--- Exercise directions ---
Apart from the pictures, every entry should be reproduced exactly.

+--

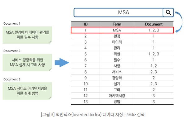 'MSA'라는 단어가 저장된 도큐멘트를 알고 있기 때문에 그 수와 상관없이 한번의 조회로 검색을 끝낼 수 있다.
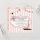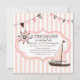 Illustration of a sailboat, helm, anchor and a party banner on a pink and white stripes. Fun and unique birthday invitation, perfect for kids who like pirates, ships and sailing.
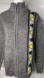 Stylish gray zip-up sweater featuring a geometric pattern with black, white, and yellow accents. Perfect for casual wear.
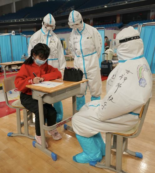 3月8日,在武昌方舱医院,刘嘉宇以医护人员为模特进行绘画创作。11岁的刘嘉宇得到了医护人员无微不至的呵护,擅长绘画的她送上自己的作品,表达祝福之情。王毓国摄
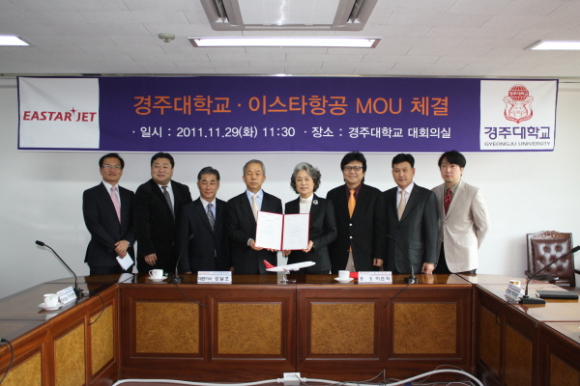 |  | | | ↑↑ MOU 체결 후 경주대학교 관계자들과 이스타 항공 관계자들이 기념촬영 | | ⓒ GBN 경북방송 | |
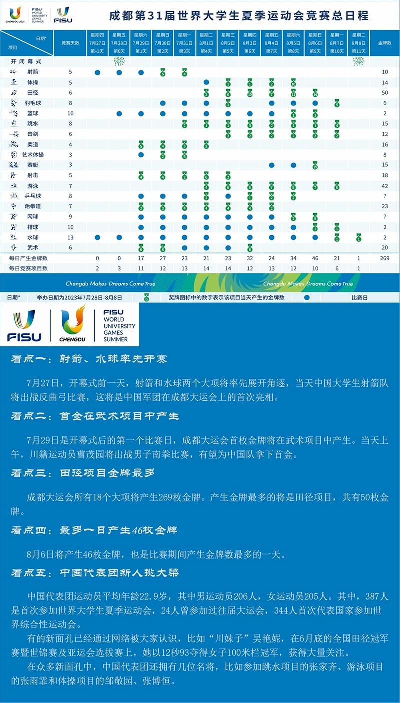 一圖了解成都大運會賽程及看點
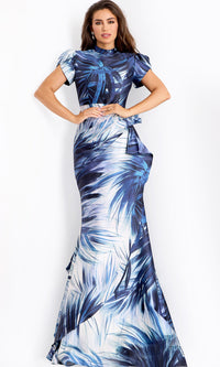 Jovani Leaf Print High Neck Evening Gown

+--

--- Written solution ---
 'MSA'라는 단어가 저장된 도큐멘트를 알고 있기 때문에 그 수와 상관없이 한번의 조회로 검색을 끝낼 수 있다.
 Illustration of a sailboat, helm, anchor and a party banner on a pink and white stripes. Fun and unique birthday invitation, perfect for kids who like pirates, ships and sailing.
 Stylish gray zip-up sweater featuring a geometric pattern with black, white, and yellow accents. Perfect for casual wear.
 3月8日,在武昌方舱医院,刘嘉宇以医护人员为模特进行绘画创作。11岁的刘嘉宇得到了医护人员无微不至的呵护,擅长绘画的她送上自己的作品,表达祝福之情。王毓国摄
 |  | | | ↑↑ MOU 체결 후 경주대학교 관계자들과 이스타 항공 관계자들이 기념촬영 | | ⓒ GBN 경북방송 | |
 一圖了解成都大運會賽程及看點
 Jovani Leaf Print High Neck Evening Gown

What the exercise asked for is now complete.